The Examples that follow are illustrative of specific embodiments of the disclosure, and various uses thereof. They are set forth for explanatory purposes only, and should not be construed as limiting the scope of the invention in any way.

Example 1-Stabilizing Disulfides

The first approach is to identify potential novel disulfides that could be used to stabilize VH domains of the different germline families. Homology models were created for eight diverse VH sequences that represent VH families 1 through 5, by identifying the most suitable crystal structures (considering resolution and sequence similarity) and modifying any non-germline residues to germline using RosettaScripts. The VH coordinates were all originally complexed within the multidomain context of an antibody Fab.

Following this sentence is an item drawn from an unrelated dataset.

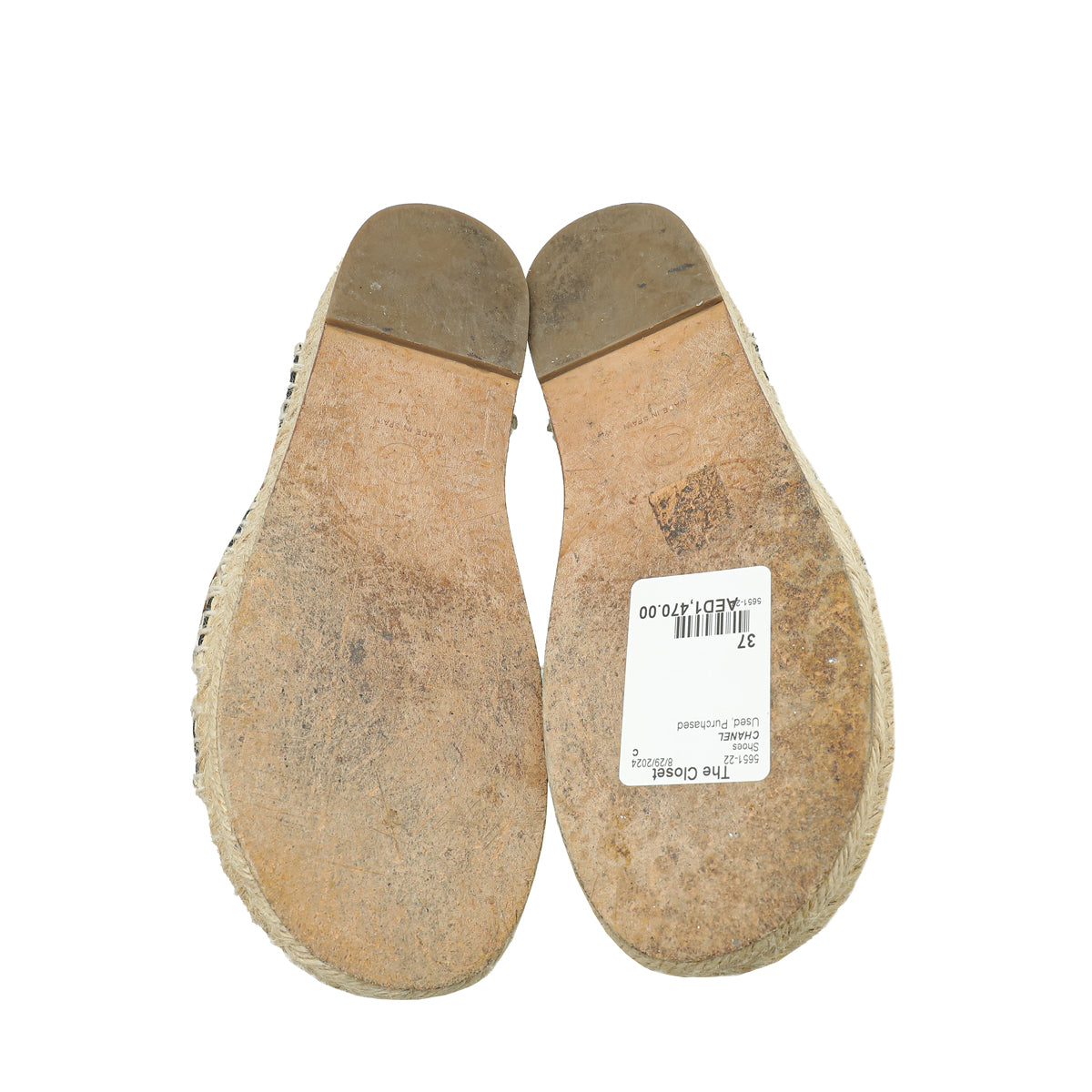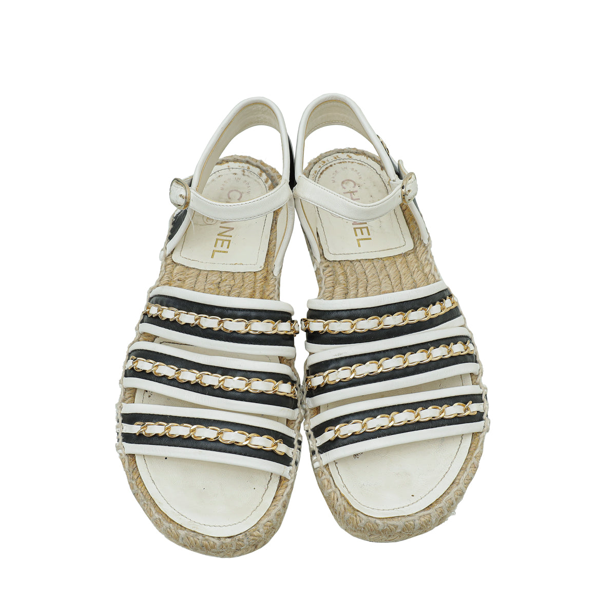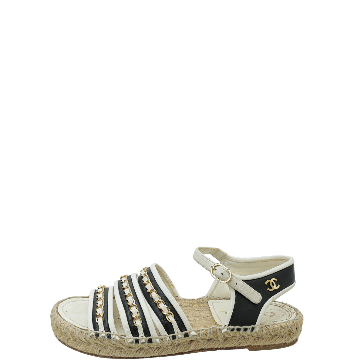 Chanel Bicolor CC Chain Slides Espadrille Sandal 37

The starting VH structures were diversified by building two homology models from either a single structure or two separate structures for in silico mutagenesis. Computational prediction of possible stabilizing disulfide bonds was performed by modifying, in silico, two residues to cys at a time and evaluating all combinations within the structure based on geometric constraints, then evaluating them based on an energy function (Gaurav et al., Nature 538:7625 (2016): 329-335). The results were sorted based on the disulfide score (dslf_fa13), models scoring less than −0.3 were considered for experimental testing. Table 3 shows the starting structures for the eight frameworks that were built based on crystal structures deposited within the Protein Data Bank (PDB).

TABLE 3

Framework
PDB 1
PDB 2

1-69.2
1RZ7
6P9J

VH3-11
6J6Y
6XKP

VH3-15
5JR1
7JX3

VH3-20
1W72
7JOO

VH3-21
6APC

VH4-39
5W6C
6PZE

VH2-5
3QYC

VH5-51
3NAC

Numerous disulfide pairs were evaluated experimentally. The VH domains that were tested all had unique HCDR3s and bound to a variety of antigens. The goal of using VH domains with a diverse set of HCDR3s was to test the generalizability of the results obtained for each novel disulfide, independently of the HCDR3 sequences.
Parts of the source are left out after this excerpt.